▶ WORK ITEM: Exact reproduction is required for the lines below starting at the line with "AK Leipzig, Völkerschlachtdenkmal" and ending at the line with "Myra Red Art", both included. No other lines, and no pictures.

----- EXERCISE MATERIAL -----

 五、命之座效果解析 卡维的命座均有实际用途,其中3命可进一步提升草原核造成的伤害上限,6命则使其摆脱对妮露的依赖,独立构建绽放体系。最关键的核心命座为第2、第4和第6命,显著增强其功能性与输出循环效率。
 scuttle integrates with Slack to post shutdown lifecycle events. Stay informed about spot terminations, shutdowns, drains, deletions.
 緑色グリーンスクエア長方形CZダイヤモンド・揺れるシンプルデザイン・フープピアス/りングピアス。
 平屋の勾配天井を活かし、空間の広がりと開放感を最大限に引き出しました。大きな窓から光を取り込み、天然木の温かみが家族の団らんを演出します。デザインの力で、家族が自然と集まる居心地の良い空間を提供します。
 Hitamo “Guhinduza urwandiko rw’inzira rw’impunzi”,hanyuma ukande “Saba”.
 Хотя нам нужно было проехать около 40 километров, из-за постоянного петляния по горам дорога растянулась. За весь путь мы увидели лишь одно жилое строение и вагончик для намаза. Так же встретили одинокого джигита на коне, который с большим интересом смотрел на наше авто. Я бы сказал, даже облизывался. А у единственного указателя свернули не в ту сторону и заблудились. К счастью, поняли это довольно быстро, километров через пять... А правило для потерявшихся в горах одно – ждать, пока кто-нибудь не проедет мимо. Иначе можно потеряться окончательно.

-----
----- EXERCISE MATERIAL -----

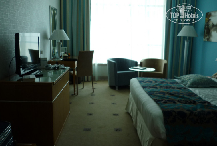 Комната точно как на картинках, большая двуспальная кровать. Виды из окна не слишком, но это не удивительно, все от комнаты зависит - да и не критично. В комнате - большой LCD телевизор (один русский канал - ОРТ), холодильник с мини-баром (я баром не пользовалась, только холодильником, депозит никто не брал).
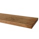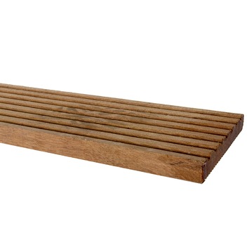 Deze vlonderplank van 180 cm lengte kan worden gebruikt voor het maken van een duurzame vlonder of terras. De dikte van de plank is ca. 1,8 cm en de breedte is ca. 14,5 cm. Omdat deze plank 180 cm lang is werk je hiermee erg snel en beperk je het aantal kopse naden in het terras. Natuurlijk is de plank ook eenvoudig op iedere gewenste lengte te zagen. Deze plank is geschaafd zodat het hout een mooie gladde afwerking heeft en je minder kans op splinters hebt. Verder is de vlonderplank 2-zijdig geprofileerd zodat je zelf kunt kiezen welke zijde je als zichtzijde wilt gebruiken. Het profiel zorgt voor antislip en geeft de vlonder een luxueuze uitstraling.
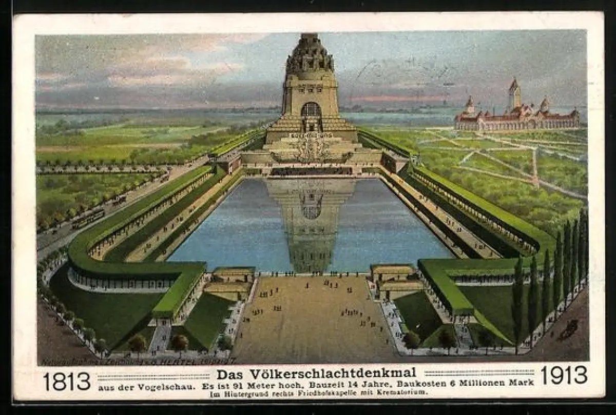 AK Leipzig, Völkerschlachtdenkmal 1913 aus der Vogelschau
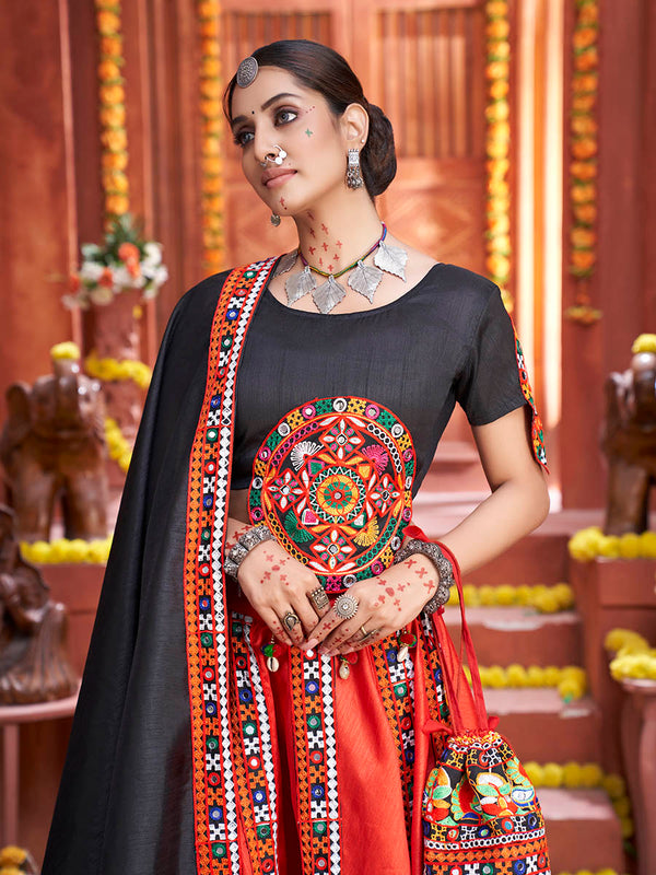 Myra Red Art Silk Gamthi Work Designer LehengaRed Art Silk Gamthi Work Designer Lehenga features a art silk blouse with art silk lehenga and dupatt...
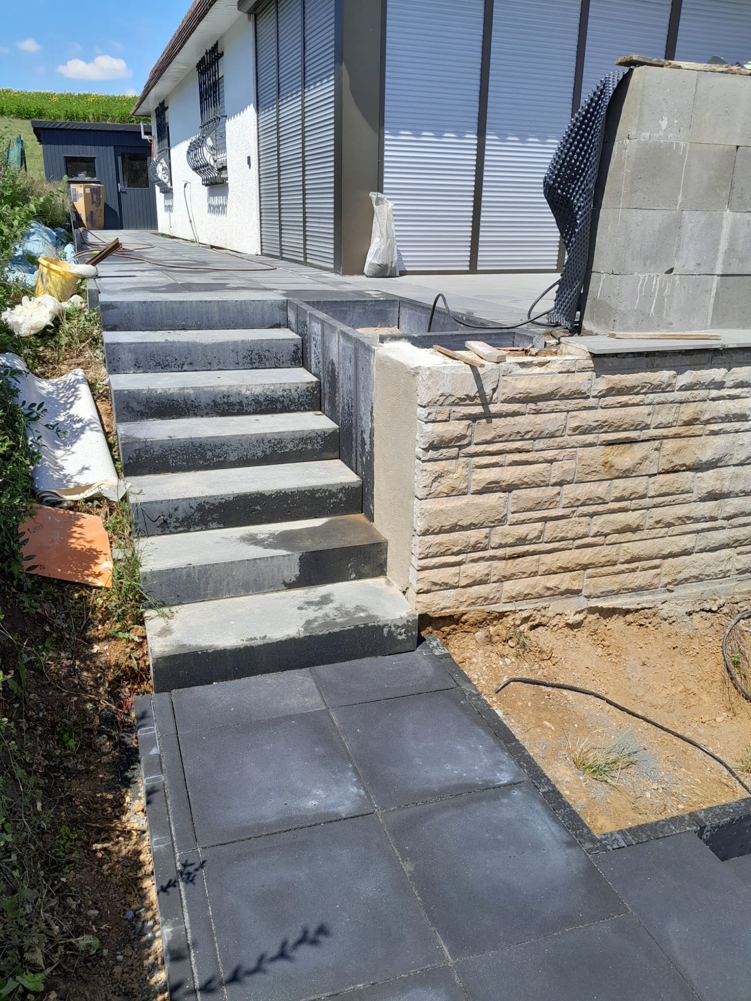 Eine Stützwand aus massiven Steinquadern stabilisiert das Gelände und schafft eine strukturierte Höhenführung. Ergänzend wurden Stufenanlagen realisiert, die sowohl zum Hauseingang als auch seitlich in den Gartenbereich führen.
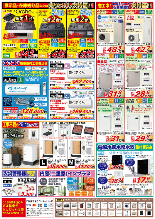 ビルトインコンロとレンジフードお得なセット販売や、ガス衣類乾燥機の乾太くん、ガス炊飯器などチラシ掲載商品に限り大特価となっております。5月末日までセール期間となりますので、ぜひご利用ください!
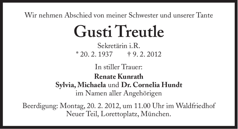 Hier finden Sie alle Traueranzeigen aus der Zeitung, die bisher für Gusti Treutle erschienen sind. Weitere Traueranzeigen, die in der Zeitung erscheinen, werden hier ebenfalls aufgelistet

-----

▶ TASK RESULT:
 AK Leipzig, Völkerschlachtdenkmal 1913 aus der Vogelschau
 Myra Red Art Silk Gamthi Work Designer LehengaRed Art Silk Gamthi Work Designer Lehenga features a art silk blouse with art silk lehenga and dupatt...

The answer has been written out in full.